- [Input data]

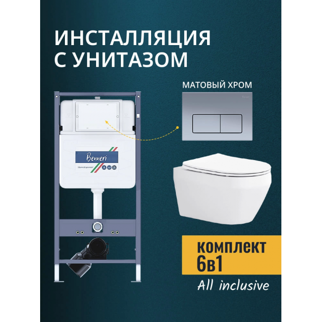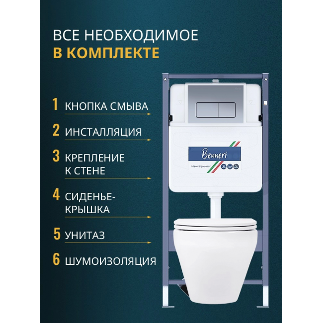 Комплект унитаз с инсталляцией, кнопкой и сиденьем микролифт Benneri B4.53.015C.AQ1199 купить с доставкой. 100% Оригинал. Гарантия!
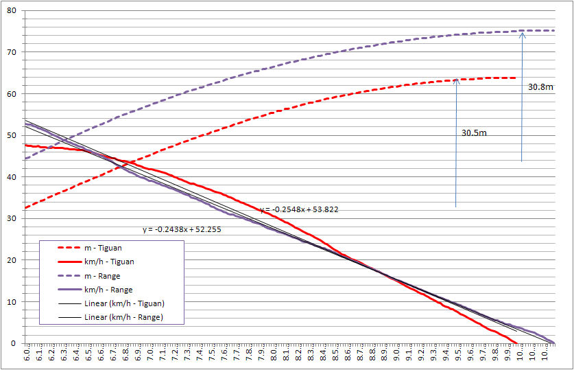 Malheureusement je n'ai pas reussi a atteindre exactement la meme vitesse avec les 2, le Range a pres de 5 km/h de plus, et il freine seulement 30 cm plus long, ce qui n'est pas significatif... donc, ca se confirme, meme a 50 km/h un Range freine mieux. On voit que le Range produit un deceleration bien reguliere pendant tout le freinage, ce qui est loin d'etre le cas du Tiguan (a noter que j'ai un defaut d'ESP sur le Tiguan, mais je doute que ca compte au freinage en ligne droite).
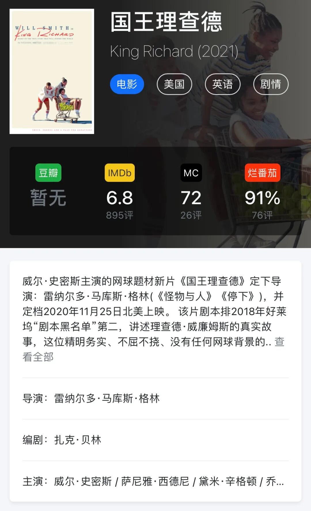 《国王理查德》(King Richard)讲述的是网球巨星维纳斯(大威)和塞雷娜·威廉姆斯(小威)的父亲兼教练理查德·威廉姆斯如何指导女儿们出人头地的故事,继《当幸福来敲门》之后史皇威尔·史密斯再次出演励志老爸的角色。

- [What you should do]
None of the pictures should be carried over when the data above is transcribed exactly.

- [Solution for this problem]
 Комплект унитаз с инсталляцией, кнопкой и сиденьем микролифт Benneri B4.53.015C.AQ1199 купить с доставкой. 100% Оригинал. Гарантия!
 Malheureusement je n'ai pas reussi a atteindre exactement la meme vitesse avec les 2, le Range a pres de 5 km/h de plus, et il freine seulement 30 cm plus long, ce qui n'est pas significatif... donc, ca se confirme, meme a 50 km/h un Range freine mieux. On voit que le Range produit un deceleration bien reguliere pendant tout le freinage, ce qui est loin d'etre le cas du Tiguan (a noter que j'ai un defaut d'ESP sur le Tiguan, mais je doute que ca compte au freinage en ligne droite).
 《国王理查德》(King Richard)讲述的是网球巨星维纳斯(大威)和塞雷娜·威廉姆斯(小威)的父亲兼教练理查德·威廉姆斯如何指导女儿们出人头地的故事,继《当幸福来敲门》之后史皇威尔·史密斯再次出演励志老爸的角色。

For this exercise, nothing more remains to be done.